The present invention relates to a method for the production of carbamate compounds in which an organic amine is reacted with an organic halogen compound in the presence of a quaternary organic ammonium bicarbonate, thereby obtaining a reaction mixture comprising a carbamate compound and a quaternary organic ammonium salt.

Several chemical routes for the production of O-alkyl carbamates as precursors for isocyanates are known, e.g. by reaction of primary amines with urea as the carbonyl source and an alcohol and evolution of ammonia.
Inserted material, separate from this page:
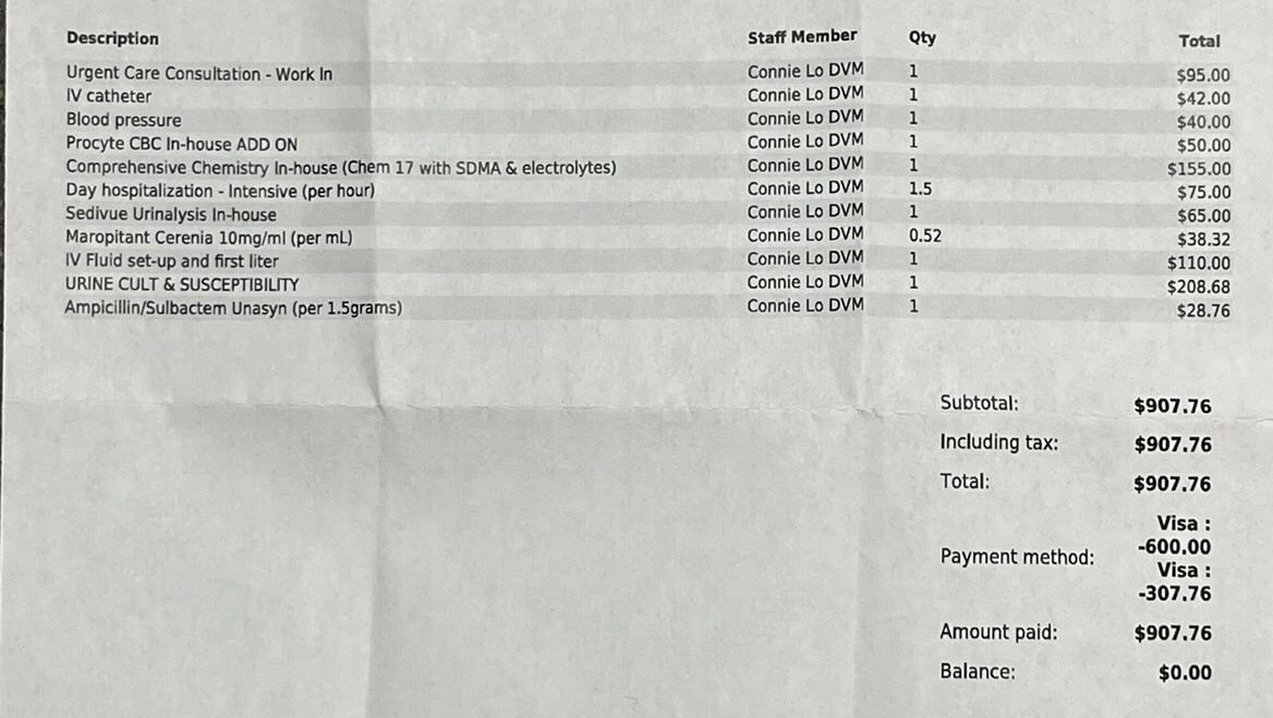 Hi, Friends! Juniper, my sweet kitty (5 years old), was hospitalized today. I was out of the country when I received the news and he is currently under care at Dove Lewis after having been seen at Buckman Vet (see bill attached). Thankfully a friend was able to take him and to get care.

Efforts have also been made to use CO2 directly as the carbonyl source which is favorable since CO2 is available as sustainable raw material and no ammonia is produced as a side-product.

Tetrahedron 1992, 48, 1515-1530 discloses that O-alkyl carbamates can be synthesized directly with CO ₂ with primary amines and an alkyl halide in presence of crown ether. However, the use of crown ether is impractical to use on a large scale for price reasons, and the reported maximum yield reached only 57%. Higher yields could be obtained under harsher conditions such as high pressure (J. Org. Chem, 1995, 60, 2820-2830) or electrochemical activation (Appl. Organometal. Chem. 2007, 21, 941- 944). However, this is also impractical to use on a large scale, since special equipment is required. A process under mild conditions is preferred.

Another example for an electrochemical process is the Italian patent application RM2014A000694, filed on November 28, 2014 which discloses an electrochemical process for preparing bis-O-alkyl- carbamates from primary diamines with CO2 as carbonyl source, characterized in that at least one alkyl halide with at least 3 C-atoms in the alkyl group is used as alkylating agent in the presence of at least one iodide source and that the process is carried out at 10 to 215 °C.

CO2 can be used indirectly under mild conditions when carbonate or bicarbonate salts are used as the carbonyl source. Carbonates or bicarbonates are easily accessible by reaction of CO2 in alkaline aqueous solution.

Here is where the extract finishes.